Posso trarre una doppia morale dalla mia fatica. In primo luogo, l’esame del complesso percorso della teoria economica degli ultimi tre decenni di secolo delinea un quadro molto insoddisfacente. Le fondamenta delle teorie mainstream poggiano sulle sabbie mobili di concetti che ben poco hanno a che fare con il mondo reale: agenti economici disumanizzati; dati fondamentali del problema – le preferenze dei consumatori – la cui esatta natura è incerta, oscillando tra la complacibilitas e la virtuositas dei teorici medievali; una trattazione dell’incertezza che oscilla tra il negarla, il ridurla al rischio probabilistico, il considerarla totalmente impenetrabile e quindi impossibile da trattare teoricamente. La stessa teoria è insoddisfacente: quando si abbandonino gli assunti di comodo di una sola merce e un solo agente rappresentativo, unicità e stabilità dell’equilibrio risultano indimostrabili, con la conseguenza che la mano invisibile del mercato viene clamorosamente negata; non a caso il filone della teoria assiomatica dell’equilibrio economico generale, così importante negli anni Settanta, è oggi considerata con il fastidio riservato all’eterodossia.
In secondo luogo, la varietà delle impostazioni – specie di quelle eterodosse – costituisce una ricchezza del dibattito economico contemporaneo, da trattare con interesse e non con il vero e proprio astio che la teoria dominante riserva a chi non è allineato.
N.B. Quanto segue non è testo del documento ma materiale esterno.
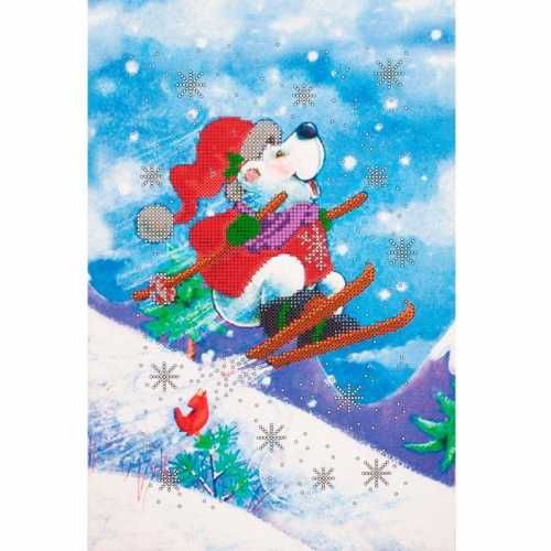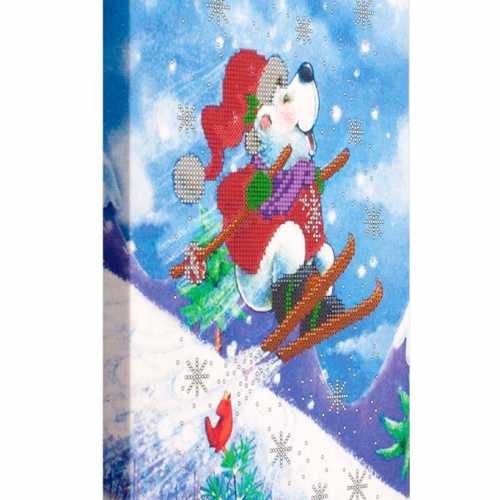 Схема для вышивки бисером на хлопчатобумажном полотне, натянутом на подрамник, Новогодний мишка - 3, FLS-074, 20*30см, Волшебная страна
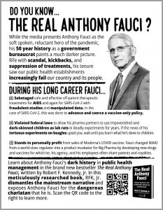 Share the promotional video below of The Real Anthony Fauci, by Robert F. Kennedy Jr. – view it on Rumble and use the blue “share” button in the upper right.
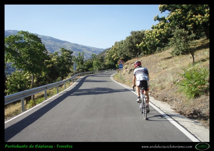 En un puente sobre el Guadalfeo (carretera A-4030), allá por la cabecera del río, se inician un par de subidas imprescindibles para los amantes de los puertos: la primera, camino de Torvizcón y de la Contraviesa, viene a morir en el collado de Canseco o, si se quiere, en el Haza del Lino; la segunda se adentra por Sierra Nevada en busca de Trevélez a través del portichuelo de Cástaras. De las características de la última nos disponemos a dar cuenta en estas líneas sin omitir detalle.

Un recente libro, edito dalla casa editrice della Bocconi e con la prefazione di un ex rettore della stessa università, parla di “negazionismo” – un termine sprezzante, riservato ai no-vax o ancor peggio ai negazionisti dell’Olocausto – con riferimento alle impostazioni che non condividono il verbo della teoria economica dominante: cosa non solo sbagliata in sé, ma addirittura ridicola se consideriamo le fragili basi su cui poggia la teoria economica dominante.